:: To do ::
Could you return all of the entries word for word, minus any pictures?

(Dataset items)
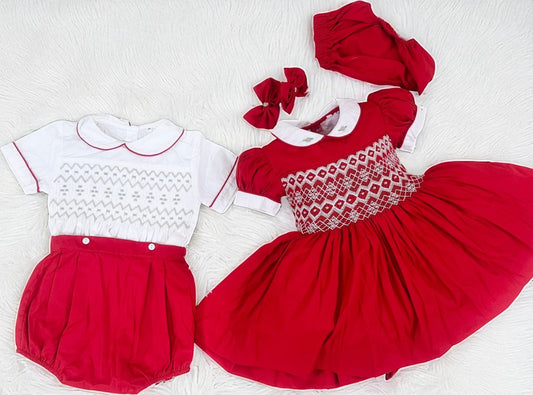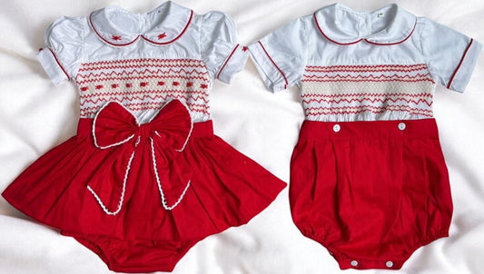 Red smocked boys suit ( got matching girls romper available )
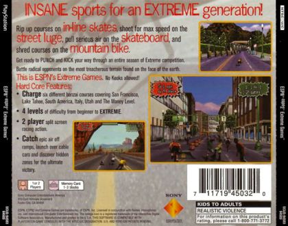 Insane Sports For An Extreme Generation! Rip up courses on in-line skates, shoot for max speed on the street luge, pull serious air on the skateboard, and shred courses on the mountain bike. Get ready to Punch and Kick your way through an entire season of Extreme competition. Battle radical opponents on the most treacherous terrain found on the face of the Earth. This is ESPN's Extreme Games.
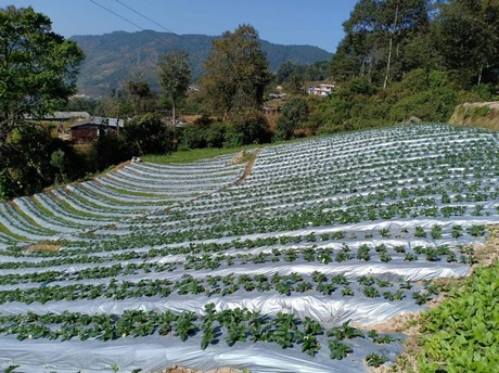 Uiteraard bezocht Jan ook enkele aardbeientelers in de Himalaya. De teelt van aardbeien staat hoog in de Nepalese bergen flink in de belangstelling, ontdekte Jan. “De werkomstandigheden zijn hier erg moeilijk, maar alleen al in het district Kakani zijn er 175 telers, overigens wel met kleine arealen. Desondanks zag het er veelbelovend uit.”
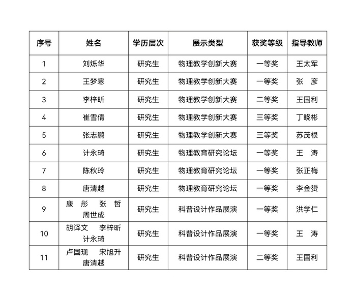 西北师大物理与电子工程学院选派11名物理教育研究所研究生参加比赛,经过物理教学创新大赛、物理教育与普及研究论坛及科普设计作品展示与讲演三大环节的激烈角逐,学校11名参赛选手全部获奖,其中一等奖7项、二等奖2项、三等奖2项,学校荣获优秀组织奖,是参加本项比赛以来的最好成绩。
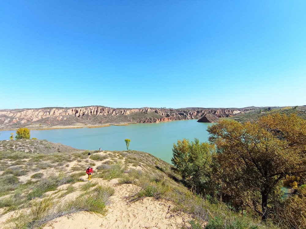 最后一天早上本来在等公交车打算去红石峡的,后来和小朋友查到网约车去麻黄梁也就几十块钱,就约了个司机。开车还是有些远的,不过一路上风景倒是不错,黄土高原的沟沟壑壑尽是显露眼前,看起来很是壮观。麻黄梁景区走到最高的观景台,北方难得的水域尽收眼底,有水的地方多少都是有些灵气,裸露的黄土间杂稀疏的植被也是被点缀成一幅江山如画。
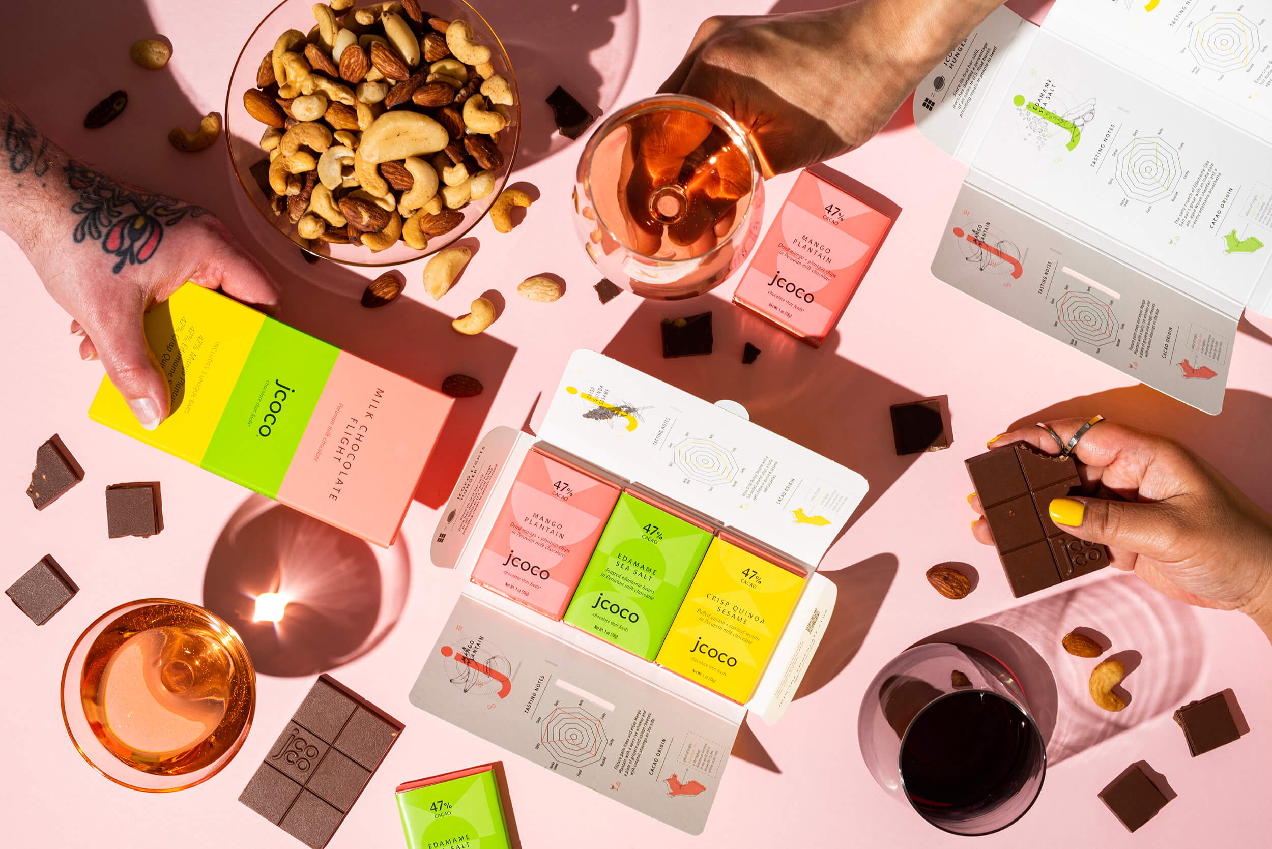 Our Milk Chocolate Flight also features our Mango Plantain bar, alongside Edamame Sea Salt and Crisp Quinoa Sesame. Enjoy three new flavors in this unexpected and creamy milk chocolate flight! Shop here.

:: Solution to the exercise ::
 Red smocked boys suit ( got matching girls romper available )
 Insane Sports For An Extreme Generation! Rip up courses on in-line skates, shoot for max speed on the street luge, pull serious air on the skateboard, and shred courses on the mountain bike. Get ready to Punch and Kick your way through an entire season of Extreme competition. Battle radical opponents on the most treacherous terrain found on the face of the Earth. This is ESPN's Extreme Games.
 Uiteraard bezocht Jan ook enkele aardbeientelers in de Himalaya. De teelt van aardbeien staat hoog in de Nepalese bergen flink in de belangstelling, ontdekte Jan. “De werkomstandigheden zijn hier erg moeilijk, maar alleen al in het district Kakani zijn er 175 telers, overigens wel met kleine arealen. Desondanks zag het er veelbelovend uit.”
 西北师大物理与电子工程学院选派11名物理教育研究所研究生参加比赛,经过物理教学创新大赛、物理教育与普及研究论坛及科普设计作品展示与讲演三大环节的激烈角逐,学校11名参赛选手全部获奖,其中一等奖7项、二等奖2项、三等奖2项,学校荣获优秀组织奖,是参加本项比赛以来的最好成绩。
 最后一天早上本来在等公交车打算去红石峡的,后来和小朋友查到网约车去麻黄梁也就几十块钱,就约了个司机。开车还是有些远的,不过一路上风景倒是不错,黄土高原的沟沟壑壑尽是显露眼前,看起来很是壮观。麻黄梁景区走到最高的观景台,北方难得的水域尽收眼底,有水的地方多少都是有些灵气,裸露的黄土间杂稀疏的植被也是被点缀成一幅江山如画。
 Our Milk Chocolate Flight also features our Mango Plantain bar, alongside Edamame Sea Salt and Crisp Quinoa Sesame. Enjoy three new flavors in this unexpected and creamy milk chocolate flight! Shop here.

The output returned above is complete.